Clampdown on the DCEC
A segment of the Directorate of Corruption and Economic Crime (DCEC) fears that the proposed amendments to the Corruption and Economic Crime Act that were recently published to just a ploy by government to take over the agency.
On the 2nd November this year Minister of Presidential Affairs and Public Administration Mokgweetsi Masisi published proposed amendments to the Corruption and Economic Act in the Government Gazette. The proposed amendments come a few months after the agency was moved from the ministry of Justice Defense and Security to the Office of the President.
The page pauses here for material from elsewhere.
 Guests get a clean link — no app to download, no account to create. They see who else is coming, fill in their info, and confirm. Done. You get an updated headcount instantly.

Minister proposed several amendments some of whom are viewed as a ploy by the government to control the DCEC and cripple its ability to perform its sensitive mandate of fighting corruption. The most worrying proposed amendment according to insiders is Clause 4, Part II sections 5A and 5B, which empowered the minister to prescribe a disciplinary code for the directorate.
Several DCEC officers who talked to Botswana Guardian are of the view that giving the minister too much power to set the disciplinary code for the agency is tantamount to interference. “The best standard practice around the world is that such code should be the responsibility of institutions like parliament, not a minister,” commented a DCEC senior officer.
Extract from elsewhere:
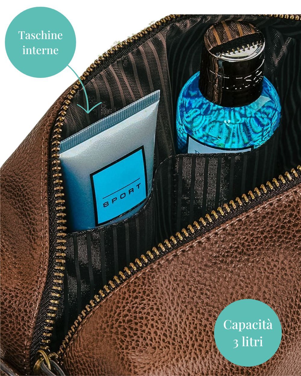 - Qualità e resistenza: Realizzato in ecopelle, questo beauty case è resistente e durevole, progettato per accompagnare il destinatario in ogni viaggio. La cerniera in metallo e la fodera morbida all’interno proteggono gli oggetti, garantendo al contempo un tocco di eleganza.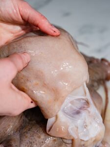 - Dar la vuelta a la cabeza (manto) del pulpo y retirar las tripas, si aún están presentes.

The minister will also be empowered to draw the conditions of service of the directorate. “The minister shall prescribe such conditions of service of the Directorate setting out the terms and conditions for the appointment of officers and support staff,” read the proposed amendment. DCEC, like other government officers are currently under the Directorate of Public Service Management.
The opponents of the Bill argue that it is odd for the minister to draw the officers’ conditions, as it will now make it even more difficult for the officers to investigate the minister himself. “He will be our employer now, he will have the powers to prescribe our disciplinary code and draw our conditions of service. What will we do to him,” asked one officer rhetorically.
UnioniSation
The proposed amendments also call for the barring of the DCEC from joining unions. “An officer of the Directorate shall not become a member of any trade union or anybody or association affiliated to a trade union, or any body or association the object of which or one of the objects of which is to control or influence conditions of employment in any trade or profession,” read the bill.
This has not gone well with DCEC officers who told Botswana Guardian that this now curtails their right to associate with any organisation of their choice.Botswana Public Employees Union president Andrew Motsamai told this newspaper that he wasn’t aware of the proposed amendments but added that this will be contrary to the ILO convention 87, which allows all the employees to unionise.
“It will be unfortunate for the minister to present that bill to parliament and it will be even more disappointing for parliament to back such instrument,” he said. He also decried lack of consultation in the formulation of the amendments.
The good side
According to DCEC officers not all the proposed amendments are bad. Clause 3 of the Bill seeks to amend section 2 to give the agency more powers to investigate companies or organisations that the government holds a stake in. Currently DCEC Act allows the agency to only investigate companies that the government has 51% stake in.
“It is further proposed that ‘public body’ be extended to anybody organisation where public moneys is used. Similarly the term ‘public officer’ has been redefined to align with the proposed definition of ‘public body’.DCEC are of the view that this will without doubt give the agency more powers to go after some organisations that they previously could not investigate.
“We receive more reports on some of these companies on a daily basis, but our hands have been tied for some time,” commented a DCEC officer.The proposed amendments further seek to protect whistleblowers or DCEC sources.
“Clause 5 of the Bill inserts a new section which prohibits disclosure of identity of persons by officers, support staff of the directorate, or any other person who may have access to such identity and section 19B prohibits unauthorized disclosure of information by officers and support staff of the directorate.”
The Bill will extend the mandate of the Directorate to investigate the offence of abuse of public office and also the creation of a new ‘offence of trading’ in influence and ‘intimidation of informers’. The Bill also seeks to replace the words ‘director’ and ‘deputy director’ with ‘Director General’ and ‘Deputy Director General’.